Cette géoingénierie climatique militaire est bien sûr de même nature que les suggestions d’une géoingénierie pour réduire la hausse des températures en bloquant le rayonnement solaire dans la stratosphère. Il s’agit notamment des fameux chemtrails dénoncés en France par Claire Severac dans son livre La guerre secrète contre les peuples (son décès en 2016 serait dû à un empoisonnement au polonium), et dont l’existence a été confirmée par les autorités du Royaume-Uni et des USA ces derniers mois.

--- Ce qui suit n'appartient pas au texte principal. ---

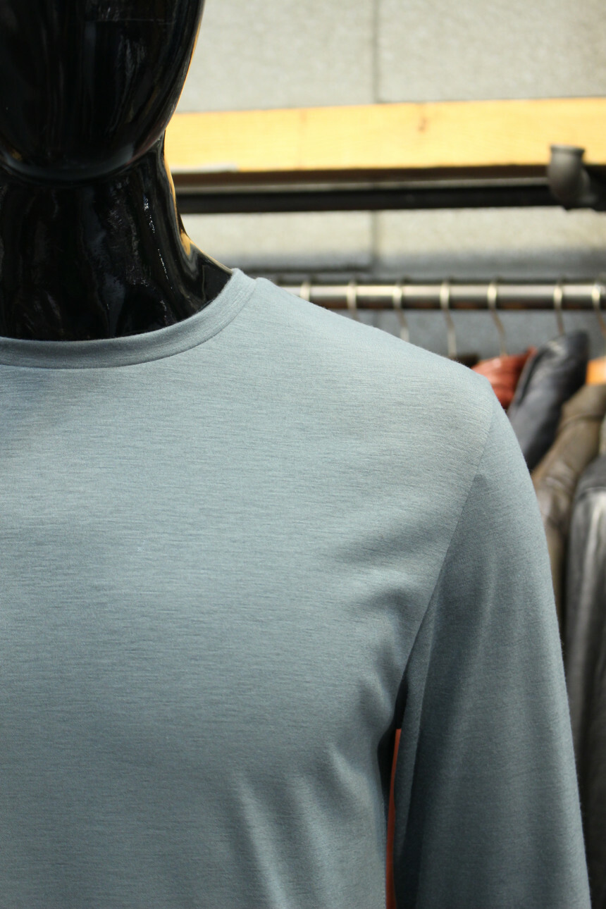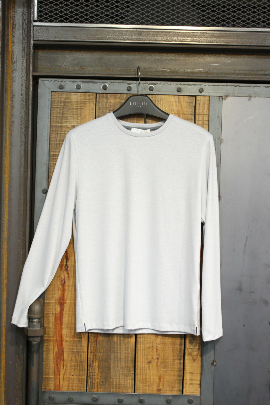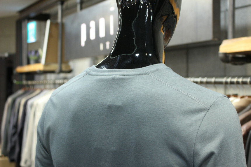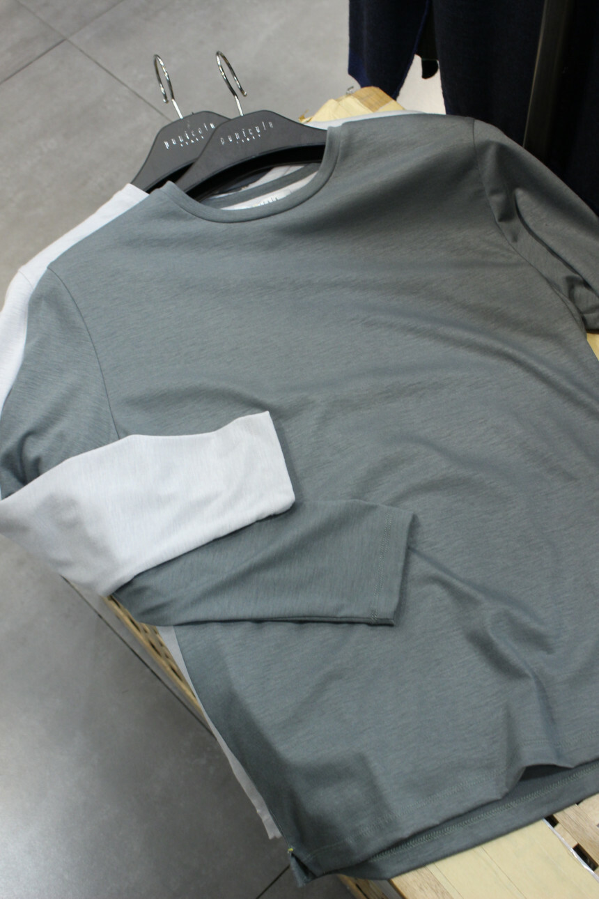 부드러운 촉감과 짱짱한 신축성으로 착용감좋은 라운드넥긴팔티입니다

Aux USA, c’est le secrétaire à la Santé, Bob Kennedy Jr., qui a ainsi confirmé travailler sur le sujet ; il a précisé que la géoingénierie climatique est sous le contrôle du secrétaire à la Guerre. La lanceuse d’alerte Kristen Meghan a récemment témoigné du rôle de l’US Air Force ; Nicole Shanahan, ancienne co-listière de Bob Kennedy Jr pour l’élection à la Maison Blanche et chargée par lui de suivre le sujet pour le Département de la Santé, avait publié son rapport en juillet 2025 décrivant « Qui est derrière la géoingéniérie ? ».